Schloss Marienburg

If you would have asked me as a child and even now to draw a castle, something slightly resembling Schloss Marienburg would probably be the result. (I say something slighty resembling as my drawing skills never even graduated kindergarten.) Growing up in the area, the castle of the Guelph family was the castle of my childhood dreams - and what a fairytale castle it is! You could probably also call it the world's fanciest birthday present, as that is what it is in a nutshell.
And it wasn't even a big birthday but the 39th. The lucky recipient?
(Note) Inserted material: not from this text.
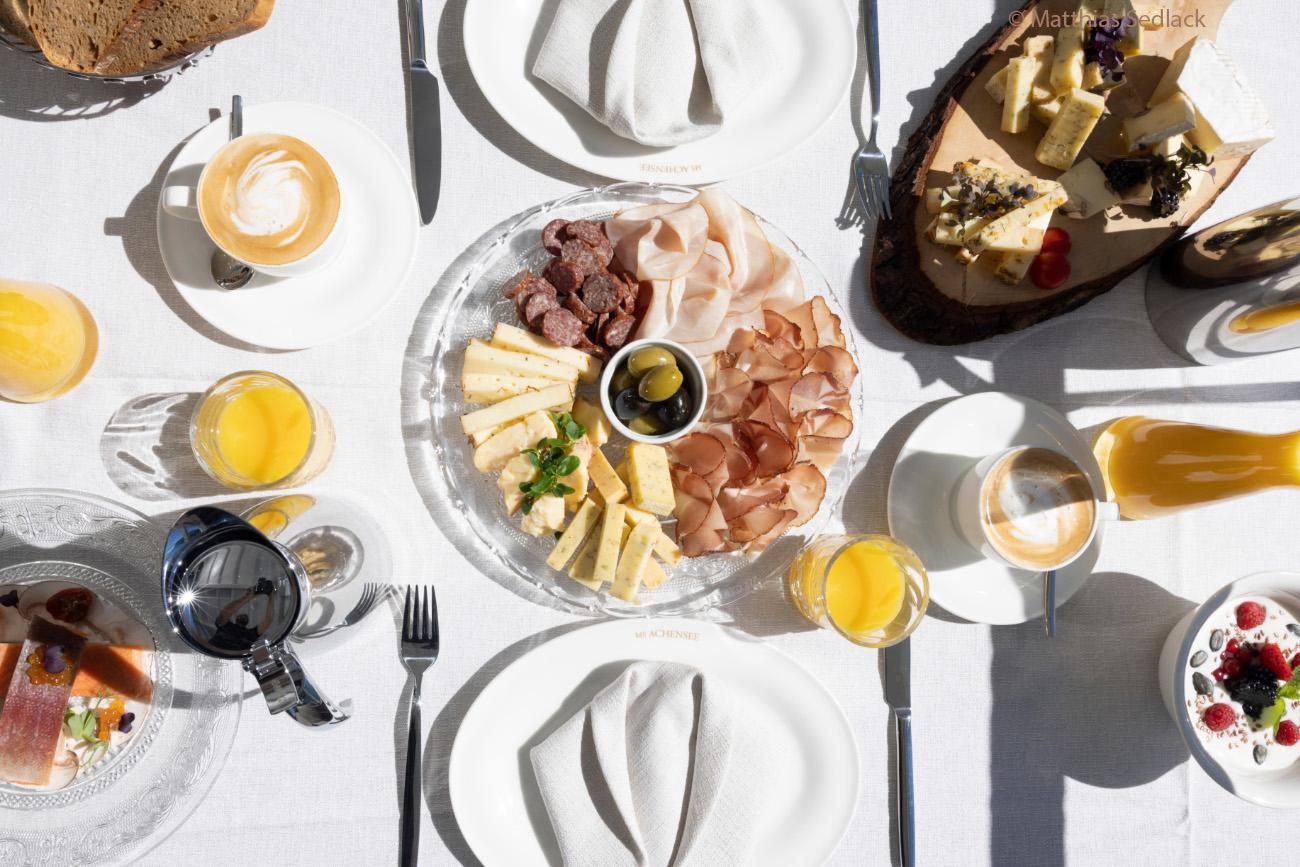 Genießt aus vollem Herzen und in gemütlicher Atmosphäre das sagenhafte Frühstücks- und Lunchbuffet mit Achensee-Blick.

Queen Marie of Hanover, the consort of King Georg V. The couple would become known to history as the last King and Queen of Hanover though nobody knew it yet when the blind King gifted a hill, renamed Marienberg (Marie's hill) in her honour, between the towns of Hanover and Hildesheim to his beloved wife for her birthday on April 14, 1857. Plans for a summer residence and future widow's seat were drawn up immediately and construction started in October 1858 with the couple's three children carrying out the first three hammer blows. 
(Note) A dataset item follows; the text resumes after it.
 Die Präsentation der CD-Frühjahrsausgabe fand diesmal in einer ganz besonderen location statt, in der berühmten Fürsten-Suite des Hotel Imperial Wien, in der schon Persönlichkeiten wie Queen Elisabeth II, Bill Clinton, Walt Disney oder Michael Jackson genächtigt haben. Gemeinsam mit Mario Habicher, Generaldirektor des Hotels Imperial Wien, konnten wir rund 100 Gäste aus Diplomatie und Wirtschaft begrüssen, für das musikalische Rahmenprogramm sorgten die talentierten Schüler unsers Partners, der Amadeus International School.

Schloss Marienburg, much like the hill it stands on named in honour of the Queen, may have a very Medieval feel to it from the outside, but is actually fairly modern from the interior. Behind the Neo-Gothic walls taking inspiration from the likes of Schloss Babelsberg, Burg Hohenzollern, Schloss Stolzenfels and Burg Sooneck, you will find the conveniences of late 19th century modern life such as hot running water, hot water heating and windows in the knight's hall that could be completely lowered to open the room up to the terrace. The masterminds behind all of it were architects Conrad Wilhelm Haase and later his student Edwin Oppler.
Construction went ahead pretty quickly and the castle was structurally complete by late 1860 with the topping out ceremony being celebrated shortly before Christmas of that year. While Haase gave the Schloss a German Neo-Gothic appearance, his successor as architect Oppler preferred English Neo-Gothic style. That is the reason why some of the castle's rooms were never quite finished. The original furnishings by Haase, for example in the knight's hall, were removed to make room Oppler's ideas, however, there is a thing called history that got in the way.
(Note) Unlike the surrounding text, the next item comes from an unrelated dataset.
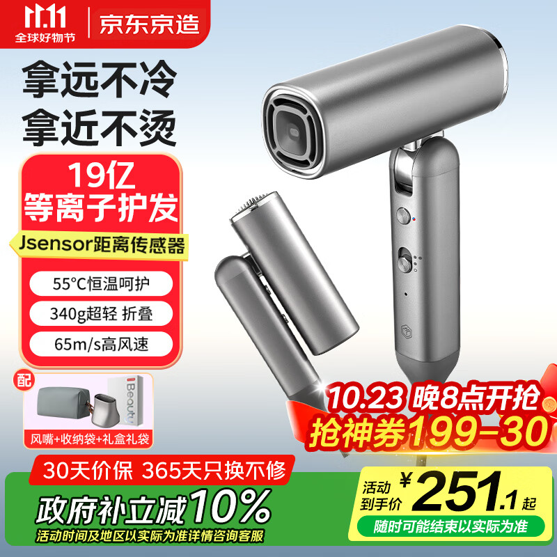京东京造beauty高速吹风机折叠Fold银 19亿等离子吹风机家用静音负离子大功率护发电吹风筒生日礼物男

But first, King Georg and Queen Marie, together with their children, got to spend a summer at Schloss Marienburg. By 1865, construction had advanced so far that it was halted during the summer months in order for the royal family to spend a few carefree weeks at the Queen's "little eldorado" as she liked to call her castle. Queen Marie would later also go on to describe the place as "the most beautiful place on Earth". However, fate intervened and her happiness at the castle wasn't long-lived. 
In 1866, before the castle could be completed, Hanover entered the fateful Austro-Prussian War of 1866 siding with the Habsburgs against the Prussians. Those who know history will also know what happened next: The Hanoverians won the Battle of Langensalza but were then surrounded by a larger and reinforced Prussian army, and, unable to link up with their Bavarian allies to the south, they surrendered. Subsequently, Prussia annexed Hanover and forced the King into exile. While King Georg V, his son Ernst-August and older daughter Friederike left for Austria, Queen Marie and their younger daughter Mary stayed in Hanover for another year to show resistance to the Prussians. After first staying at Schloss Herrenhausen, they moved into Schloss Marienburg in September of 1866.
After the Prussians threatened to replace their royal household with Prussian faithfuls, Queen Marie and Princess Mary left Schloss Marienburg and the new Prussian province of Hanover on July 24, 1867 never to return again. While construction was carried on for a few more years, the castle was left unoccupied for a good 80 years. Only after the Second World War, Ernst-August III, a grandson of Georg and Marie who had married Viktoria-Luise of Prussia and thus reconciled the Guelphs and Hohenzollern, and his family moved into the castle after having to leave Schloss Blankenburg. The Guelph family remained at the castle well into the 1950's. These days, the castle is used as a museum, restaurants and wedding venue.

Good to know:
Schloss Marienburg is open during the summer season (this year) from March 3 to November 4 from Tuesdays to Sundays between 10am and 6pm. In June, July and August, the castle is open daily. During winter season, the castle is open Wednesdays to Sundays from 11am to 4pm. Admission for the classic castle tour is 9 euros. Currently there is also a special exhibition taking place called "Royal History and Stories" about the life of King Georg V and Queen Marie of Hanover. For more information, have a look here.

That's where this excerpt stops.